A copy of the GeoJSON file we use is stored in the same repository as this notebook.


The original file can be found on the following page:
https://opendata.paris.fr/explore/dataset/arrondissements/export/?disjunctive.c_ar&disjunctive.c_arinsee&disjunctive.l_ar&location=13,48.85156,2.32327

In [1]:
import json

geo = json.load(open("/arrondissements.geojson"))

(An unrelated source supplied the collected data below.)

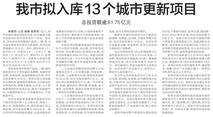 近日,郑州市城乡建设局组织专家,对申请纳入城市更新项目库的项目进行了评审。经评审,郑东新区郑州期货产业园(一期)等13个城市更新项目符合入库条件,项目总投资额逾81.75亿元。其中,郑东新区1个、经开区1个、中原区1个、二七区2个、惠济区1个、巩义市2个、荥阳市2个、新郑市2个、新密市1个。该批拟入库城市更新项目正在公示,公示期为2025年3月25日至2025年3月31日。(今日《郑州日报》2版)
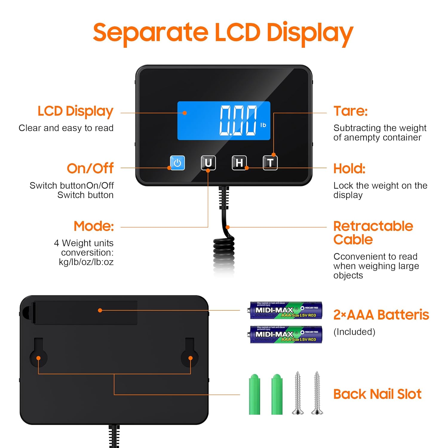 - Separate Large LED Display: The shipping scale has a larger backlit display than the marketed products, allowing for clearer readings and use at night and in dimly lit environments. Weight scale's thoughtful notch design makes it easy to store the display in one place
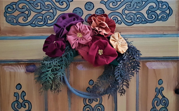 나무벽을 둘러쌀 양모펠트(에스기) 3장을 두르는데, 문 양쪽에서 덮기 시작 가운데 부분 겹치게 한다.
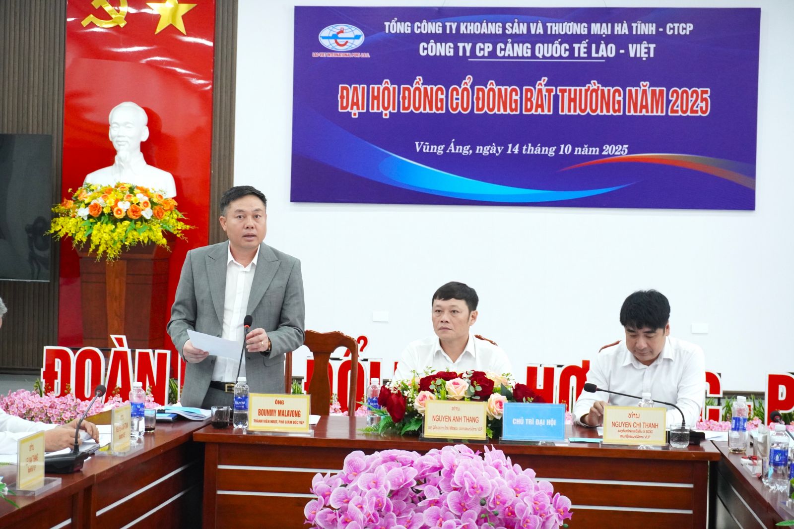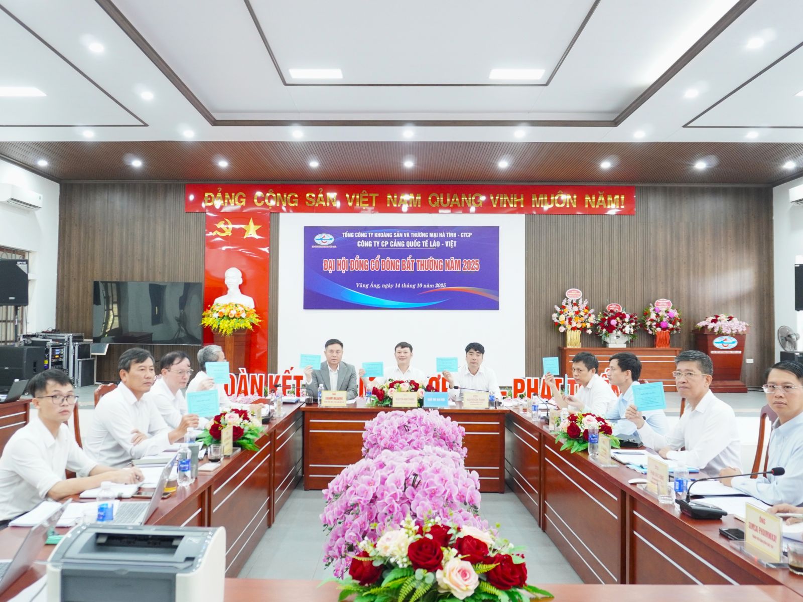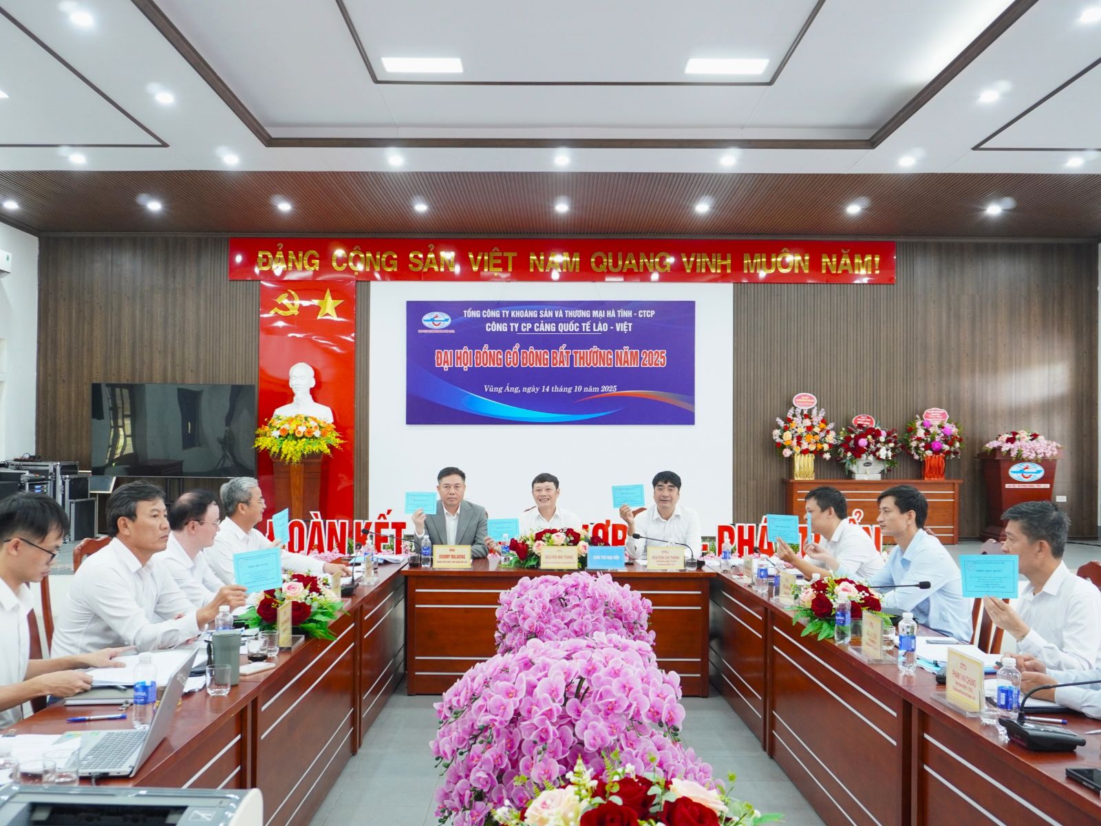 Sáng ngày 14/10/2025, Công ty CP Cảng Quốc tế Lào - Việt (VLP) đã tổ chức Đại hội đồng cổ đông bất thường (ĐHĐCĐ) năm 2025. Chủ trì Đại hội: ông Nguyễn Anh Thắng - Phó Tổng Giám đốc Tổng Công ty Khoáng sản và Thương mại Hà Tĩnh (Mitraco), Chủ tịch Hội đồng quản trị (HĐQT) VLP; đồng chủ trì gồm: ông Bounmy MALAVONG - Thành viên HĐQT, Phó Giám đốc VLP; ông Nguyễn Chí Thành - Thành viên HĐQT. Đại hội đã thông qua một số nội dung quan trọng liên quan đến hoạt động sản xuất kinh doanh của Công ty trong thời gian sắp tới.
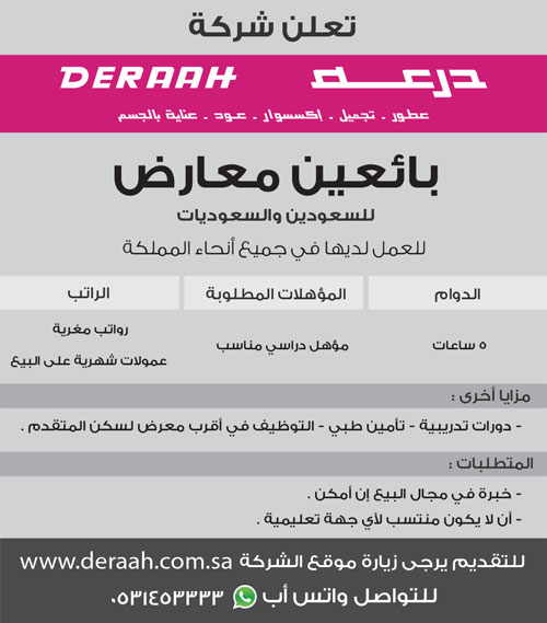 أعلنت شركة درعة عن توافر وظائف شاغرة للسعوديين والسعوديات بمسمى: “بائعين معارض”، وذلك للعمل بفروع الشركة في جميع أنحاء المملكة، ولمدة (5) ساعات.
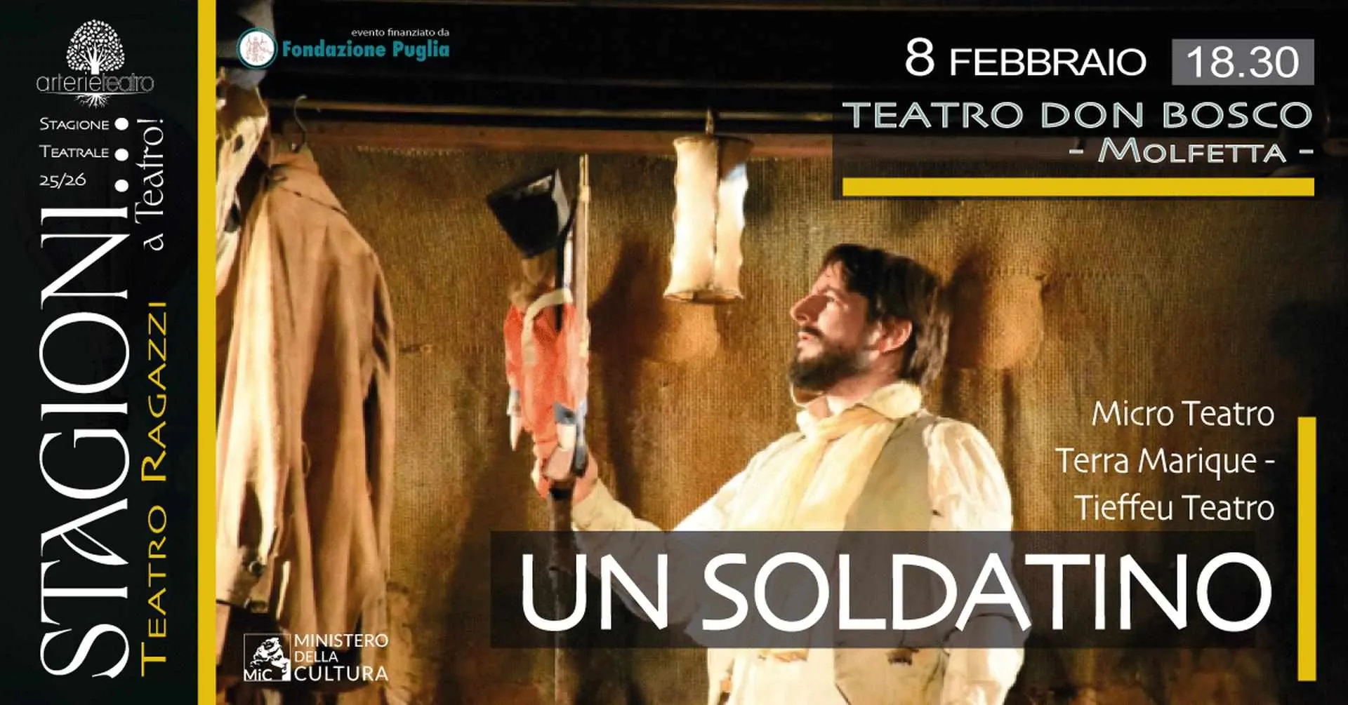 “Un Soldatino” è uno spettacolo teatrale dedicato a ragazzi che reinterpreta la famosa fiaba di Andersen con uno sguardo contemporaneo, intrecciando la storia classica con tematiche attuali come la migrazione e la speranza.
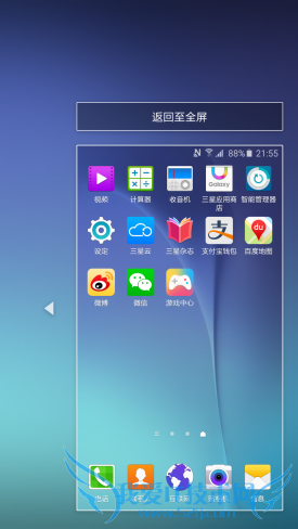 A8的TouchWiz系统还有着一些隐藏的特色功能,如使用手机时双击HOME键在任何状态下可以快速打开相机,长按HOME键可以打开三星S语音助手,三击HOME键可以开启单手模式,并且可以选择左右手模式,非常简便实用,比较遗憾的是不能再自定义小界面的尺寸。
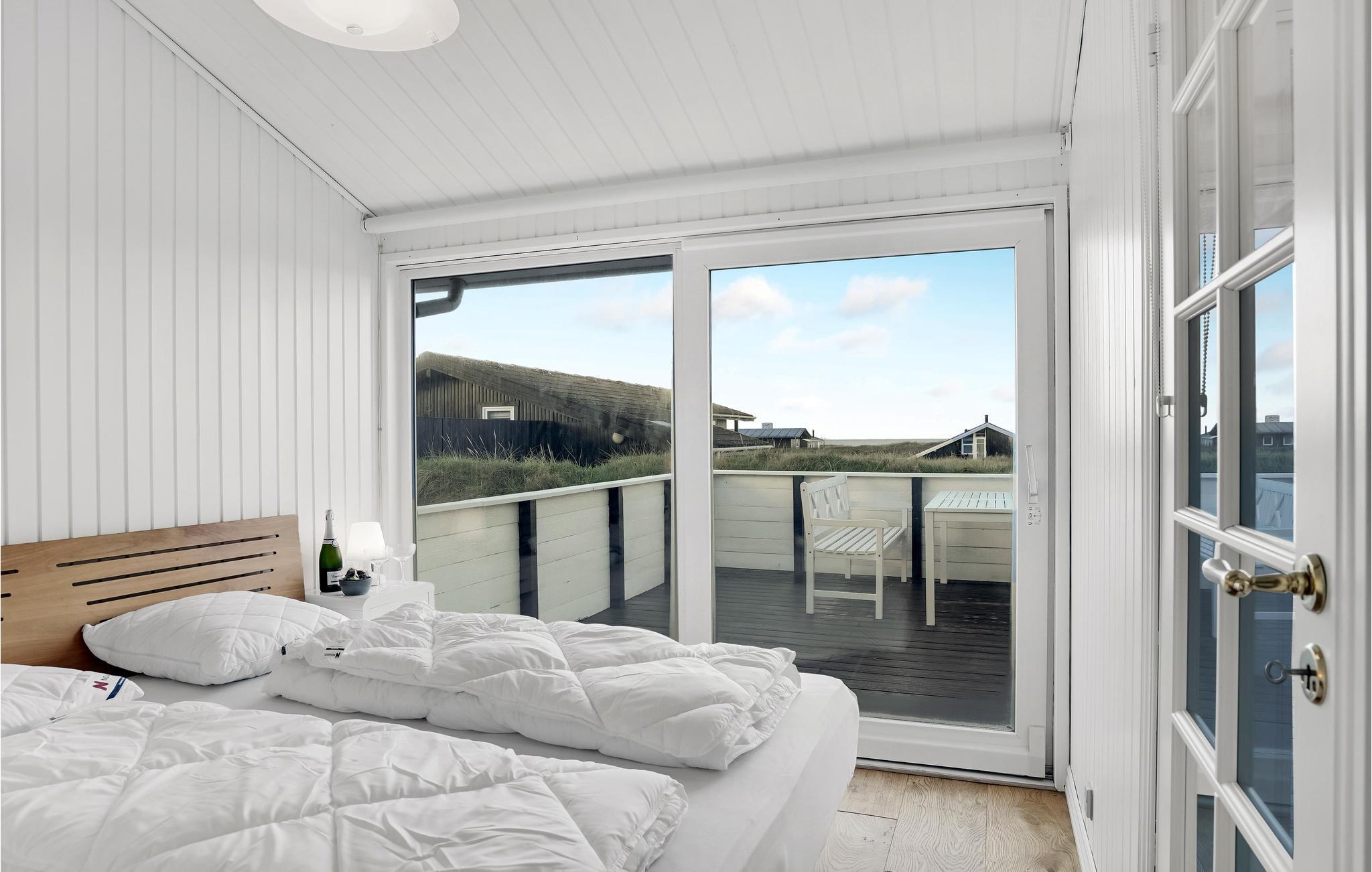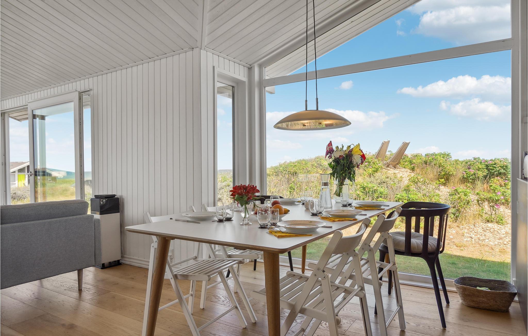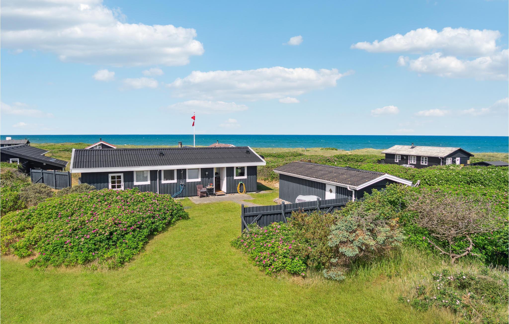 Blot 100 meter fra den nordjyske vestkyst ligger dette dejlige feriehus. Her kan I se frem til nogle skønne dage, hvor I omgiver med kvalitetsløsninger og smuk natur. Sænk skuldrene og mærk pulsen falde helt til ro i de vidunderlige rammer, som indbyder til at tage sig god tid og begynde dagene med en kop kaffe foran vinduerne mod vandet. Udenfor venter terrassen, hvor I kan sætte jer til rette og suge omgivelserne til jer. I sommersæsonen kan I fyre op i grillen og nyde dagene, helt til solen går ned.
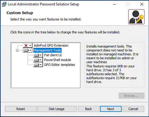 7.On the Custom Setup page, deselect AdmPwd GPO Extension and select Management Tools. If you also managing the local administrator account of the management server, you also need to install AdmPwd GPO Extension. In my case, I am installing it in a Domain controller so I do not need it.
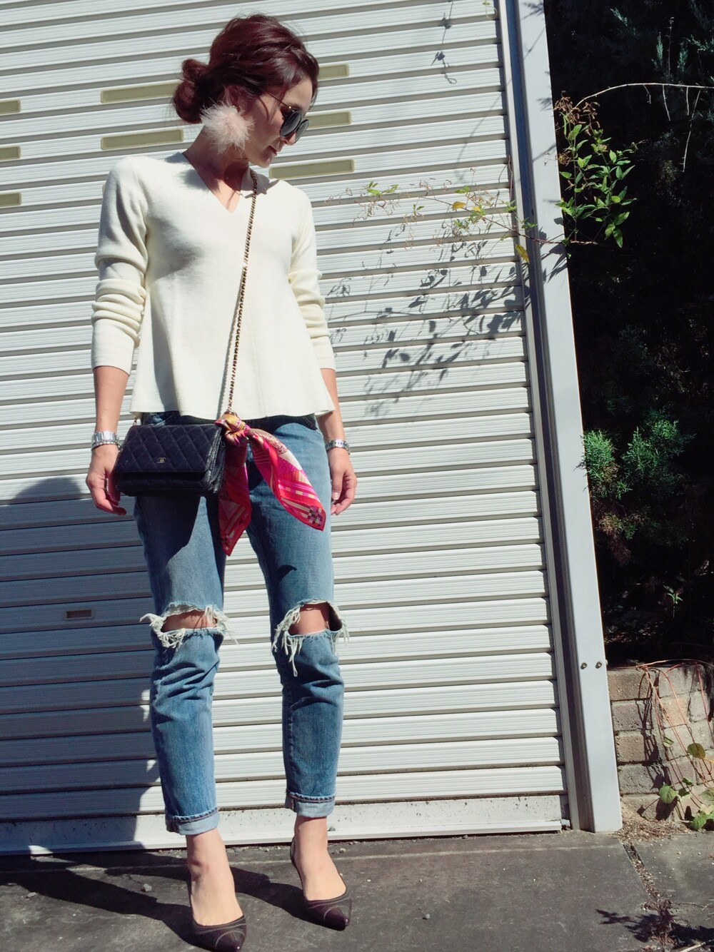 今日のコーデ☺︎ UNIQLOのラメールコラボのニット♡ 形かわいい♡ お気に入りのピアスとスカーフメインのコーデ♡ ずっとこのピアスしたかったけど、すると顔が熱くなってできなかったんです>_< やっと付けれてうれしいな🎶 ではでは、久々のランチ行ってきます(๑´罒`๑)

From this dataset, we can actually easily plot the shape of each <i>arrondissement</i> (i.e. neighborhood)

In [2]:
import folium
paris_choropleth = folium.Map(location = [48.856578, 2.351828], zoom_start = 12)
paris_choropleth.choropleth(geo_data = geo,fill_opacity=0.3,fill_color='blue')
paris_choropleth

But in order to request data about parisian venues, we will need to get the coordinates of the center of each neighborhood:

In [3]:
import pandas as pd

paris_ardt = []
for arr in geo["features"]:
    prop = arr["properties"]
    paris_ardt.append([prop["l_ar"].split('è')[0].split('e')[0],prop["geom_x_y"][0],prop["geom_x_y"][1]])
paris_ardt_df= pd.DataFrame(paris_ardt,columns=['Ardt','Latitude','Longitude'])
paris_ardt_df['Ardt'] = paris_ardt_df['Ardt'].astype(int)
paris_ardt_df.sort_values('Ardt',inplace=True)
paris_ardt_df = paris_ardt_df.reset_index().drop('index',axis=1)
paris_ardt_df

Unnamed: 0,Ardt,Latitude,Longitude
0,1,48.862563,2.336443
1,2,48.868279,2.342803
2,3,48.862872,2.360001
3,4,48.854341,2.35763
4,5,48.844443,2.350715
5,6,48.84913,2.332898
6,7,48.856174,2.312188
7,8,48.872721,2.312554
8,9,48.877164,2.337458
9,10,48.87613,2.360728


Which we can add to the previous map...

In [4]:
for ardt, lat, lng in zip(paris_ardt_df['Ardt'], paris_ardt_df['Latitude'], paris_ardt_df['Longitude']):
    label = folium.Popup("Ardt n°"+ str(ardt), parse_html=True)
    folium.CircleMarker(
        [lat, lng],
        radius=2,
        popup=label,
        color='black',
        parse_html=False).add_to(paris_choropleth)

paris_choropleth



We can see however that the centers of the 12th and 16th neighborhood are quite off, as they account for large parks - so we will correct them as follows:


In [5]:
corrections = [
    [12, 48.841, 2.388],
    [16, 48.863, 2.276]
]

corrections_df = pd.DataFrame(corrections,columns=['Ardt','Latitude','Longitude'])
paris_ardt_df = paris_ardt_df.append(corrections_df).drop_duplicates('Ardt',keep='last').sort_values('Ardt',ignore_index=True)

In [6]:
paris_choropleth = folium.Map(location = [48.856578, 2.351828], zoom_start = 12)
paris_choropleth.choropleth(geo_data = geo,fill_opacity=0.3,fill_color='blue')
paris_choropleth

for ardt, lat, lng in zip(paris_ardt_df['Ardt'], paris_ardt_df['Latitude'], paris_ardt_df['Longitude']):
    label = folium.Popup("Ardt n°"+ str(ardt), parse_html=True)
    folium.CircleMarker(
        [lat, lng],
        radius=2,
        popup=label,
        color='black',
        parse_html=False).add_to(paris_choropleth)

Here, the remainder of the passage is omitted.